The drug free society initiative is in all more effective than the war on drugs. As seen in statistics ‘76% of American people and 67% of police chiefs have declared the drug war a failure’. The war on drugs ‘has failed to curb the supply nor reduced the amount of illegal substances in the united states’(Angell et al 2011). On the other hand the drug free society is more favored in Sweden as ‘fewer people are likely to take drugs in their and ‘their low use compare favorably to other developed countries’(Andersson et al 2002), this clearly shows the negative attitude that Sweden has towards all drugs.

On the other hand Americans attitudes towards drugs, especially marijuana lead to discrepancies in legislation, because of differing attitudes towards the legalization of medical marijuana, currently 19 states have legalised marijuana. America can adapt certain aspects of the drug free society, which may help in the reduction in the amount of drug use and also the amount of incarceration and also money spent. America can adopt a more rehabilitative approach towards heavy users and also help with the allocation on jobs, that the Swedish drug policy uses.

Nonetheless doing so will add on to the already high cost of the war on drugs. Implementing such an approach, does not necessarily mean that the drug problem in America will decline, this is because of the different views that Americans have about drugs. Moreover other issues have to be taken into consideration, such as the availability of drugs. Sweden are probably less likely to be affected by drugs because the drug supply route is not specifically aimed at Sweden, whereas the U. S are more exposed o drugs. This is because most drugs come from south America and ‘drug supply routes transverse nearly every area of the US map, with major routes spinning off into secondary routes and people transporting drugs by land, air and sea using all means available to them’(recoveryfirst. org). Even though the routes may be heavily monitored, the small percentage that are transported into the U. S have an adverse effects. To conclude the drug problem is something that both America and Sweden are affected by.

Both Sweden and America have gone through some historical developments that have affected their drug policy. America’s drug problem has existed much longer than Sweden’s however Sweden also stands out as it was one of the first European countries to be affected by drugs. Both countries use five subcategories to define drugs. Both see drugs as a problem in society, however they differ in that, America sees it more as a criminal problem whereas Sweden see it more as a health problem then a criminal problem, and these views have had an effect on their legislation.

America is more likely to impose a harsher sentence, whereas Sweden are more likely to focus on treatment. Nonetheless both countries use programs to educate youth about drugs, however the success of such programs is questionable. In Sweden the overall population have a more negative view on drugs compared to that of America, in which more people have varied views especially on the use of marijuana. In all, Sweden appears to have had a more successful outcome with their drug free initiative than America’s war on drug initiative.

Moreover even though there are some similarities between both initiatives, America can adopt the aspect of rehabilitation into their imitative. Nonetheless this may not work as America has a higher population than Sweden ,it may be difficult to do so effectively. Moreover America is more likely to be exposed to illicit drugs, because it is more vulnerable to the drug supply route.

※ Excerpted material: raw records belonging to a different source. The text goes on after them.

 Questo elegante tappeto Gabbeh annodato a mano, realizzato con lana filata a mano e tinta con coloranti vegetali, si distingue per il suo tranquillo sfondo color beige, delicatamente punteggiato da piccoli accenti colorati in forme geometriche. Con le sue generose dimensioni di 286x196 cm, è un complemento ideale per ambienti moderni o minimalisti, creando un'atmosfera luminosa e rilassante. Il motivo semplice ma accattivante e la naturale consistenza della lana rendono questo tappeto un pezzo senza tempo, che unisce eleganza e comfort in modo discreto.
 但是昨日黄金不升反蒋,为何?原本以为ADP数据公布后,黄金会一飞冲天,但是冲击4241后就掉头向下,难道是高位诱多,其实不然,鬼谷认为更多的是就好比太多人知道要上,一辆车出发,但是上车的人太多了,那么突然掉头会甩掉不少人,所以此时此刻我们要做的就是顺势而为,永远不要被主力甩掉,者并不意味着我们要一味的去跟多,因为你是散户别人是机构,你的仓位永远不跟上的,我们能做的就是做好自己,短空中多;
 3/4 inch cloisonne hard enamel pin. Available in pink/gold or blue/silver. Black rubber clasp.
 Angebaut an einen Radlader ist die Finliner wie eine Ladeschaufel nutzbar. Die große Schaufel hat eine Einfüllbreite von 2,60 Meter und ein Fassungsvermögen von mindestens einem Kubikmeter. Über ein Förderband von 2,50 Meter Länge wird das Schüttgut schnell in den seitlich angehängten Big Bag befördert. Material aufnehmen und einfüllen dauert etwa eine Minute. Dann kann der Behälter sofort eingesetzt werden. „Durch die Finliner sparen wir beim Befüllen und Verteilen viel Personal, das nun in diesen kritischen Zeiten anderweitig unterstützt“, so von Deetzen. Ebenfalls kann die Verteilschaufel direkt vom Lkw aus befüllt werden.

Most illicit drugs come from South America and it is much easier to import illicit substances to America than to Sweden even with the strict regulations and patrols.

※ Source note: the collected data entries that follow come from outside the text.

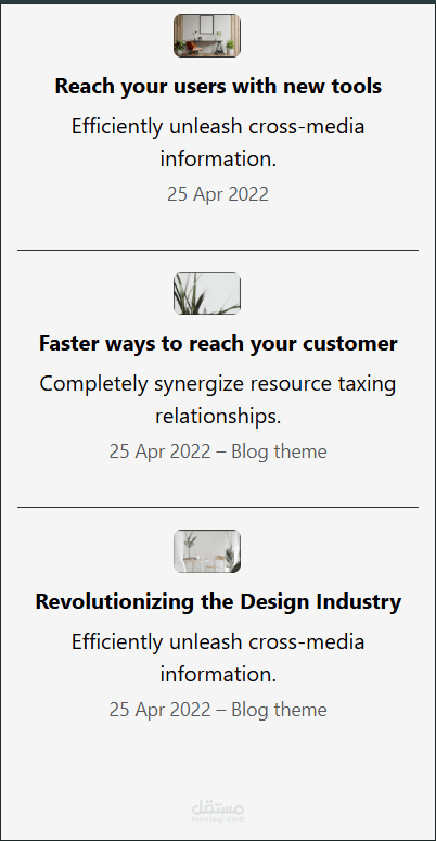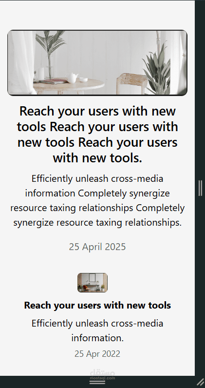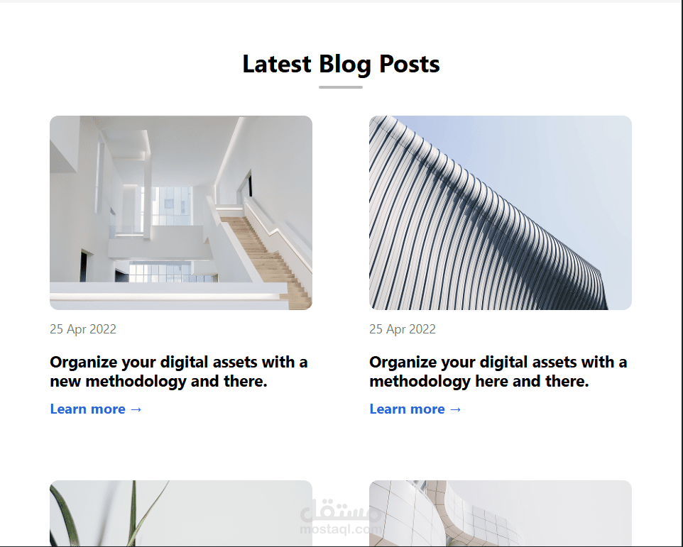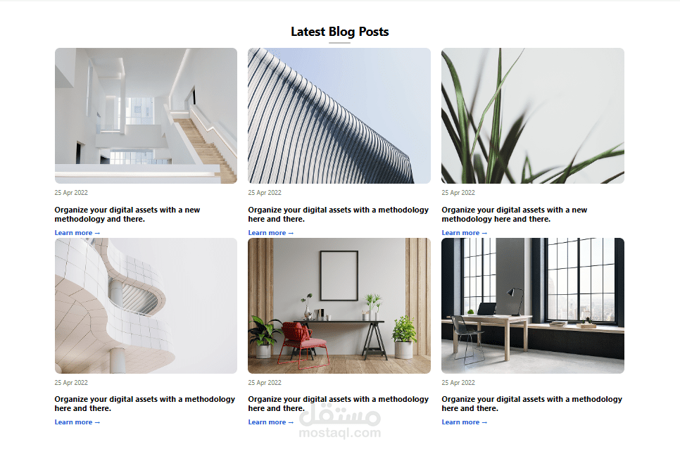 قمت بتصميم واجهة عرض احترافية وجذابة لأحدث المقالات والتدوينات، مع التركيز على توفير تجربة مستخدم مثالية على جميع الأجهزة. تم تطوير هذا التصميم باستخدام إطار عمل Bootstrap القوي والمرن، مما يضمن توافقًا كاملاً وتصميمًا متجاوبًا يتكيف بسلاسة مع أحجام الشاشات المختلفة (Responsive Design).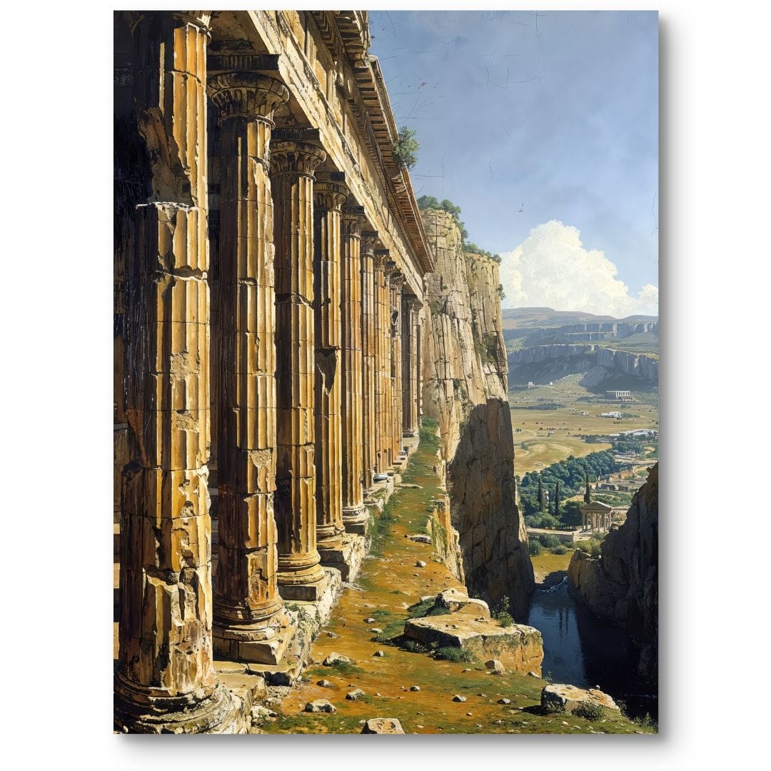 Obraz przedstawia niezwykłe ruiny starożytnych kolumnad rozciągających się wzdłuż krawędzi malowniczego klifu. Ta majestatyczna scena przenosi widza w czasy antyczne, podkreślając zachwyt nad dawną architekturą i jej trwałością pośród niesamowitego krajobrazu. W tle rozciągają się pagórki i doliny, które w harmonijny sposób łączą monumentalne dzieło człowieka z naturalnym pięknem otoczenia.
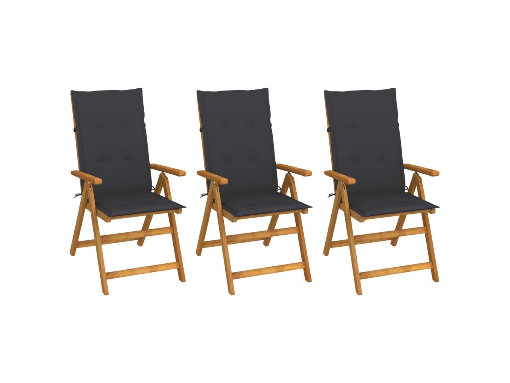 vidaXL Skladacie záhradné stoličky s podložkami 3 ks akáciový masív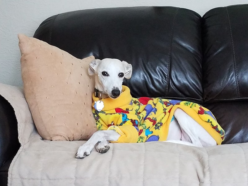 Scroll through the top menu bar to begin your journey of love. Choose from ready to ship PJs, or fine tune the fit and colors of your dog's PJ's with our custom options.

Furthermore the population in America exceeds that of Sweden and therefore there is more profit to be made in America. In all the drug problem is not something that can be solved simply by policy, as several factors have to be considered such as individual circumstance and opportunity, if America adopts the treatment aspect that Sweden uses it may be a success however this will take time and money. References Andersson, Bengt, Anita Lonnberg, and Barbara Andersson. “National Report. Sweden 2002. ” National Institute of Public Health, 2002. Web. 24 Nov. 2012.